- Opening Delimiter -

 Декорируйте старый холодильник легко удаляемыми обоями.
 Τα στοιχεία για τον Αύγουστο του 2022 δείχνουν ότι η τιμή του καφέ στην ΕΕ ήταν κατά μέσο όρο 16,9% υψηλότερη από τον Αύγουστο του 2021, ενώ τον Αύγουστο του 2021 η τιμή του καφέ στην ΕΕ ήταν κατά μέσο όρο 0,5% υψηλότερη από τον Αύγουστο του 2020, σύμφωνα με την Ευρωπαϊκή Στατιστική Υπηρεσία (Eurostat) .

- Closing Delimiter -
- Opening Delimiter -

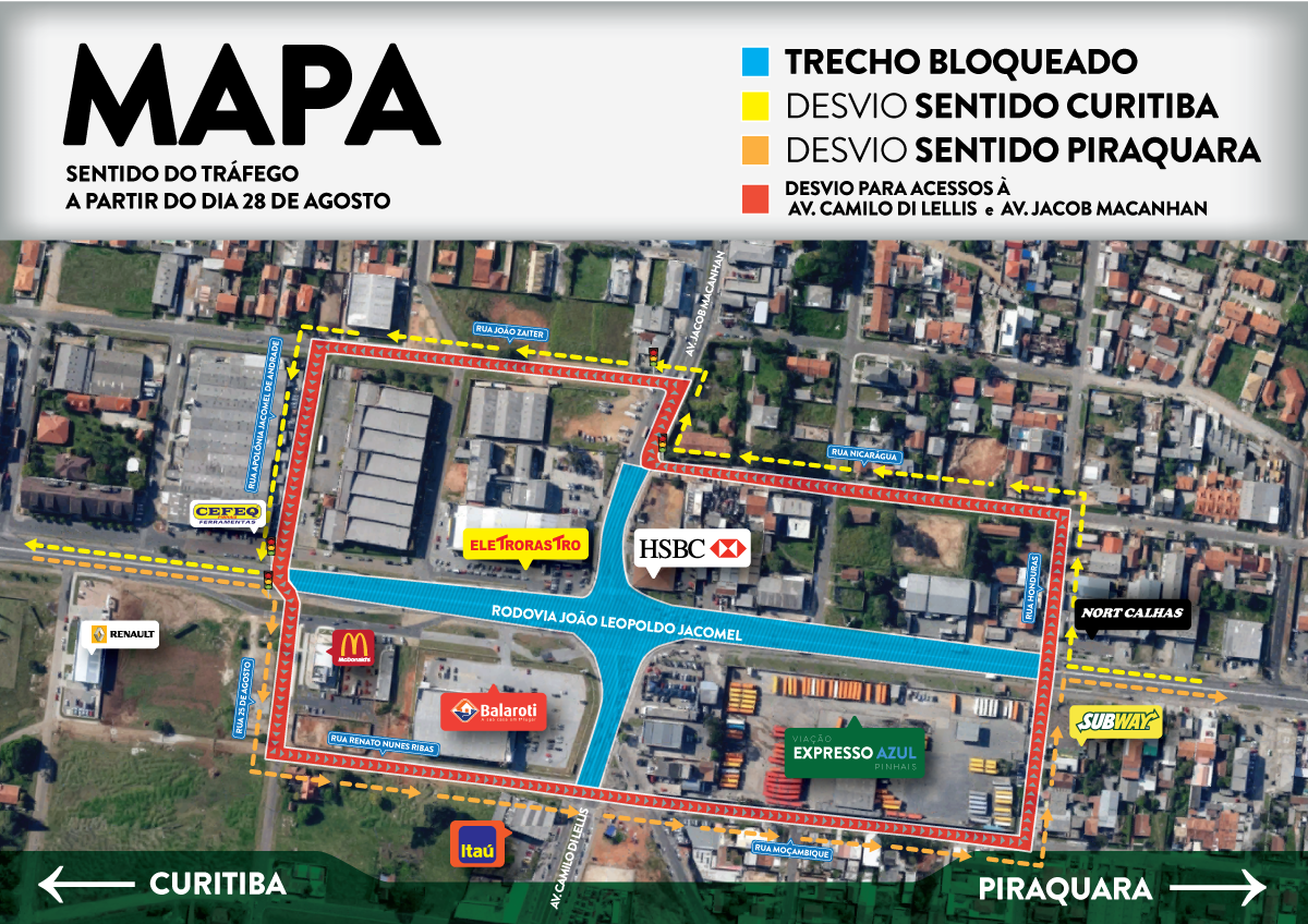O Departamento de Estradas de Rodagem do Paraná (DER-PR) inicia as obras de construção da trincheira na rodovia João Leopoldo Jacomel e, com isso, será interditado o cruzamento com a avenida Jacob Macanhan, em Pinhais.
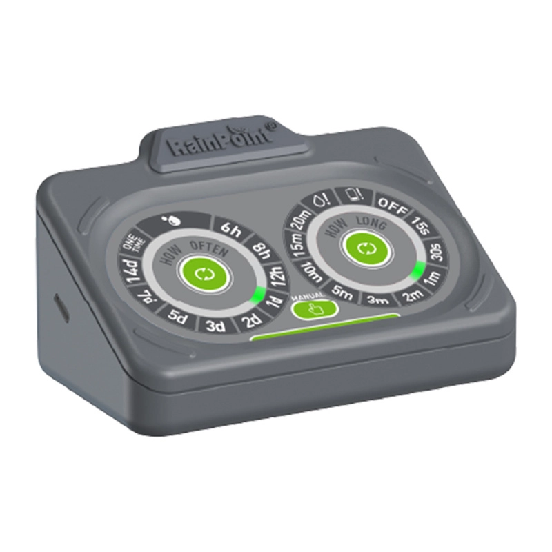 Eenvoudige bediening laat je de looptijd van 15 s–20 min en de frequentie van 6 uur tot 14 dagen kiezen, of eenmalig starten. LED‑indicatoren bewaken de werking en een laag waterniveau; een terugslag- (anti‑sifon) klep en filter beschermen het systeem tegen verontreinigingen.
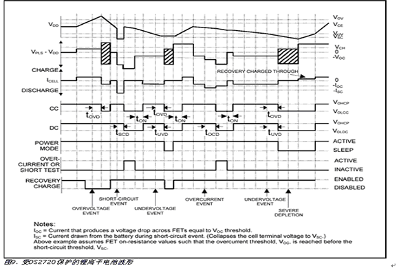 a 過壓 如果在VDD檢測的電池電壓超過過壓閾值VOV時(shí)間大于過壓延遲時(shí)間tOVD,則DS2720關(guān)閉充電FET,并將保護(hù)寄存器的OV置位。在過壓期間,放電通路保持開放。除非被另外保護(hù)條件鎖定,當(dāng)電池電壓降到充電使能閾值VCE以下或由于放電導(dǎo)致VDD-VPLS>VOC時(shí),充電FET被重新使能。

- Closing Delimiter -
- Opening Delimiter -

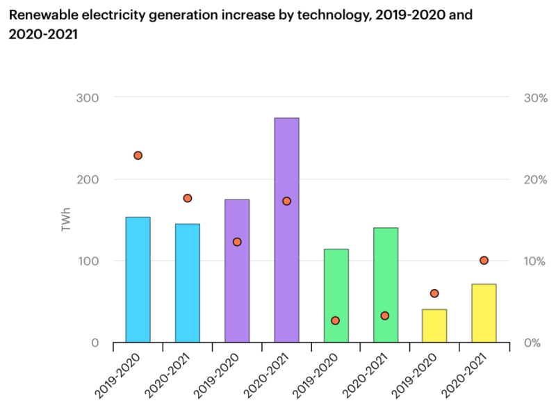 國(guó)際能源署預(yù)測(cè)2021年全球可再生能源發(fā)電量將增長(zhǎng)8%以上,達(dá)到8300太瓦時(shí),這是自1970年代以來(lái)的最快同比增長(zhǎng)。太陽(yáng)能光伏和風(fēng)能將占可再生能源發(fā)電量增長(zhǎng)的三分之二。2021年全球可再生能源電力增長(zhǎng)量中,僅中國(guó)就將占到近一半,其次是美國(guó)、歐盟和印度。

- Closing Delimiter -

■ Problem description
From the material above, retype precisely the lines between the line holding "Декорируйте старый холодильник" and the line holding "Τα στοιχεία για", inclusive, and nothing beyond them.

■ Your response
 Декорируйте старый холодильник легко удаляемыми обоями.
 Τα στοιχεία για τον Αύγουστο του 2022 δείχνουν ότι η τιμή του καφέ στην ΕΕ ήταν κατά μέσο όρο 16,9% υψηλότερη από τον Αύγουστο του 2021, ενώ τον Αύγουστο του 2021 η τιμή του καφέ στην ΕΕ ήταν κατά μέσο όρο 0,5% υψηλότερη από τον Αύγουστο του 2020, σύμφωνα με την Ευρωπαϊκή Στατιστική Υπηρεσία (Eurostat) .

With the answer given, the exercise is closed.